> **Input data**:
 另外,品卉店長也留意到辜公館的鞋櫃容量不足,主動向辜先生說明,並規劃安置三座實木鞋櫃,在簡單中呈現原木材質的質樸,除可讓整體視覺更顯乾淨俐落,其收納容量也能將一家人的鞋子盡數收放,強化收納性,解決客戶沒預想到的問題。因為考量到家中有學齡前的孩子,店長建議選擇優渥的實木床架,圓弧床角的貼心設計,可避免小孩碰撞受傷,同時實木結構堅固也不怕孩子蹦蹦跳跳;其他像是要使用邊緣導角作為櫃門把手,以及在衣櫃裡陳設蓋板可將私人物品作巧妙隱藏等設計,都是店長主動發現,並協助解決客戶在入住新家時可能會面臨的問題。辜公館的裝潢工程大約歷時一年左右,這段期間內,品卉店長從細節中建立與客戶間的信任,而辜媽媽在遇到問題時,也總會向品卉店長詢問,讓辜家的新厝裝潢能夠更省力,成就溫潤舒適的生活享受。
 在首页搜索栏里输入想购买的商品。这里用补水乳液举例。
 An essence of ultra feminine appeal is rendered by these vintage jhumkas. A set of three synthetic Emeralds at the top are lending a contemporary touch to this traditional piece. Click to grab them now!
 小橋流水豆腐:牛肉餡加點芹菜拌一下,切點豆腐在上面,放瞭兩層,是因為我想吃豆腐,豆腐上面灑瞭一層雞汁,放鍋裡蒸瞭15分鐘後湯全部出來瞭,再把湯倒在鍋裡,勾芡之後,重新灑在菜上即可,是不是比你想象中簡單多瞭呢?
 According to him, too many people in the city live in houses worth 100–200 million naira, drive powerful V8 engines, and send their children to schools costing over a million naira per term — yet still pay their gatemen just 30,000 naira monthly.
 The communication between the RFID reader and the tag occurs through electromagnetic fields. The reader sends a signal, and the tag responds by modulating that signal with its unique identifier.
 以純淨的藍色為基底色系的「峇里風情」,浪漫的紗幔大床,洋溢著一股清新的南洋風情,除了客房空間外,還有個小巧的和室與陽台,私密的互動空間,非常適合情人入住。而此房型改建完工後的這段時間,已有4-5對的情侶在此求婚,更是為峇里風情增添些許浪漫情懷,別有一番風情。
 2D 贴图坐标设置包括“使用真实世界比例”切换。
==
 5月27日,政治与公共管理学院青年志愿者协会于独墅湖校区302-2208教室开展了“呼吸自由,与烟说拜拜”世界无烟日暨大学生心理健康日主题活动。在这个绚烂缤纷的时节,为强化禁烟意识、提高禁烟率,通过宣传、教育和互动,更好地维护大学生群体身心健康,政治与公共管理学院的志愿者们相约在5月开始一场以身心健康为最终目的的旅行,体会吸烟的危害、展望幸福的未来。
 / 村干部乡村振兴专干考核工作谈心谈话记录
...
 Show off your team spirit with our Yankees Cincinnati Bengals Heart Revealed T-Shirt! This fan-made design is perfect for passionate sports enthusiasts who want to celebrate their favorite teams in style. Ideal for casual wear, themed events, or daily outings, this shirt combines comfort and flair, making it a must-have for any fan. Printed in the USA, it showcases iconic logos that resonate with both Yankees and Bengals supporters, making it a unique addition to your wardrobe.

> **Work item**: Only lines holding the word "that" are wanted; list them all from the material.

> **Exercise answer**:
 The communication between the RFID reader and the tag occurs through electromagnetic fields. The reader sends a signal, and the tag responds by modulating that signal with its unique identifier.
 Show off your team spirit with our Yankees Cincinnati Bengals Heart Revealed T-Shirt! This fan-made design is perfect for passionate sports enthusiasts who want to celebrate their favorite teams in style. Ideal for casual wear, themed events, or daily outings, this shirt combines comfort and flair, making it a must-have for any fan. Printed in the USA, it showcases iconic logos that resonate with both Yankees and Bengals supporters, making it a unique addition to your wardrobe.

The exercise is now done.